Dataset entries
______
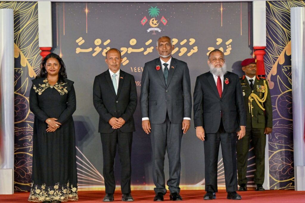 ހއ. އުތީމުގައި މިއަދު ހެނދުނު ބޭއްވި ގައުމީ ދުވަހުގެ ރަސްމީ ޖަލްސާގައި ޝަރަފުވެރިކަމުގެ ގައުމީ އިނާމު ލިބިވަޑައިގެންނެވި ބޭފުޅުންނަށް ޝަރަފުގެ އައްޑަނަ އާއި ޝަރަފުގެ ބެޖާއި ލިޔުން އަދި ހިތްވަރު ދިނުމުގެ ގައުމީ އިނާމު ލިބިވަޑައިގެންނެވި ބޭފުޅުންނަށް ހަނދާނީ ފިލަ އާއި ހަނދާނީ ލިޔުން ދެއްވީ ރައީސް ޑރ. މުހައްމަދު މުއިއްޒެވެ.
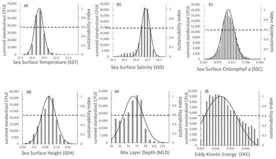 We assumed SST to be the principal factor for defining the habitat for albacore according to studies on the association between environmental variables and albacore catch []. We then applied different forward combinations of two to six variables as habitat data in each empirical habitat model. SI values > 0.6, obtained from various integrations of habitat factors, were then incorporated into the HSI model [].
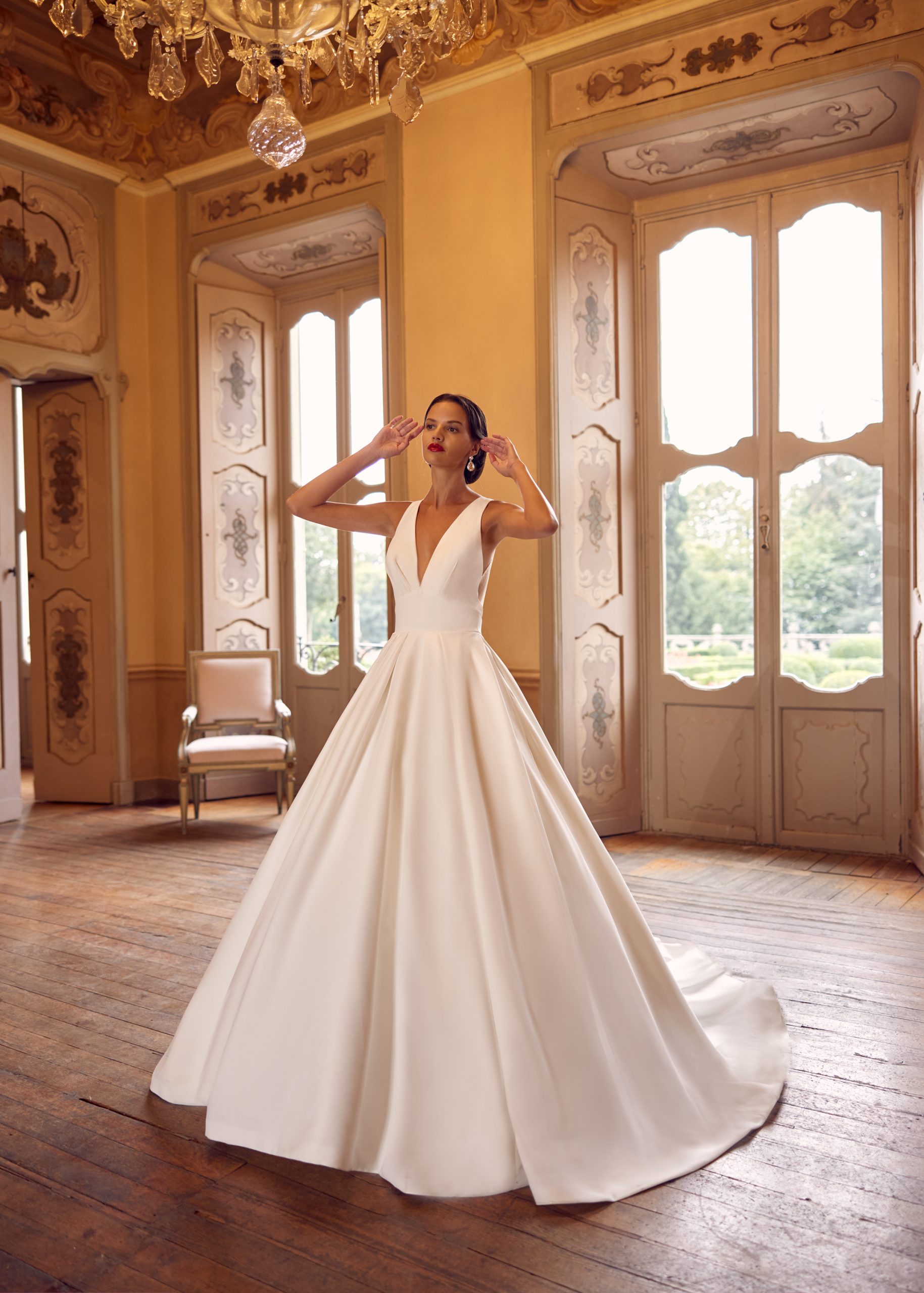 Sophisticated matte satin ball gown with plunging neckline and sheer back donned with various sized bows
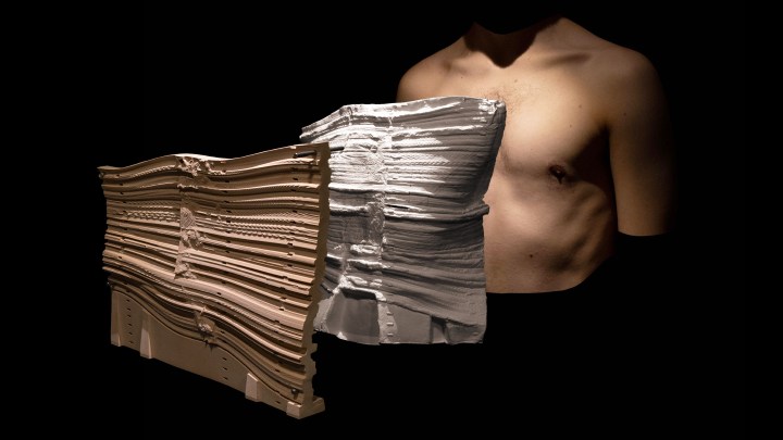 An exploration into pressing, coalescing, and layering of bodies, rock and architecture.
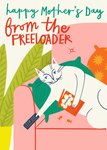 Funny Illustrated Freeloader Cat Mother's Day Card
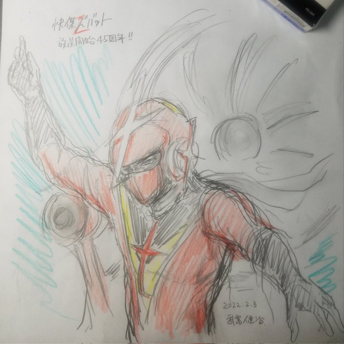 あっという間の楽しいイラストでした!(また、2021年の古い図面もあります) A fun and quick illustration. (+ a Repost.) #2月2日 #ズバットの日 #快傑ズバット46周年 #快傑ズバット #早川健 #特撮 #特撮ヒーロー #特撮絵描きさんと繋がりたい #イラスト #DigitalArt #ArtistOnTwitter #Tokusatsu
______
Drop the pictures and reproduce the rest of the data exactly.

EXERCISE RESULT:
 ހއ. އުތީމުގައި މިއަދު ހެނދުނު ބޭއްވި ގައުމީ ދުވަހުގެ ރަސްމީ ޖަލްސާގައި ޝަރަފުވެރިކަމުގެ ގައުމީ އިނާމު ލިބިވަޑައިގެންނެވި ބޭފުޅުންނަށް ޝަރަފުގެ އައްޑަނަ އާއި ޝަރަފުގެ ބެޖާއި ލިޔުން އަދި ހިތްވަރު ދިނުމުގެ ގައުމީ އިނާމު ލިބިވަޑައިގެންނެވި ބޭފުޅުންނަށް ހަނދާނީ ފިލަ އާއި ހަނދާނީ ލިޔުން ދެއްވީ ރައީސް ޑރ. މުހައްމަދު މުއިއްޒެވެ.
 We assumed SST to be the principal factor for defining the habitat for albacore according to studies on the association between environmental variables and albacore catch []. We then applied different forward combinations of two to six variables as habitat data in each empirical habitat model. SI values > 0.6, obtained from various integrations of habitat factors, were then incorporated into the HSI model [].
 Sophisticated matte satin ball gown with plunging neckline and sheer back donned with various sized bows
 An exploration into pressing, coalescing, and layering of bodies, rock and architecture.
 Funny Illustrated Freeloader Cat Mother's Day Card
 あっという間の楽しいイラストでした!(また、2021年の古い図面もあります) A fun and quick illustration. (+ a Repost.) #2月2日 #ズバットの日 #快傑ズバット46周年 #快傑ズバット #早川健 #特撮 #特撮ヒーロー #特撮絵描きさんと繋がりたい #イラスト #DigitalArt #ArtistOnTwitter #Tokusatsu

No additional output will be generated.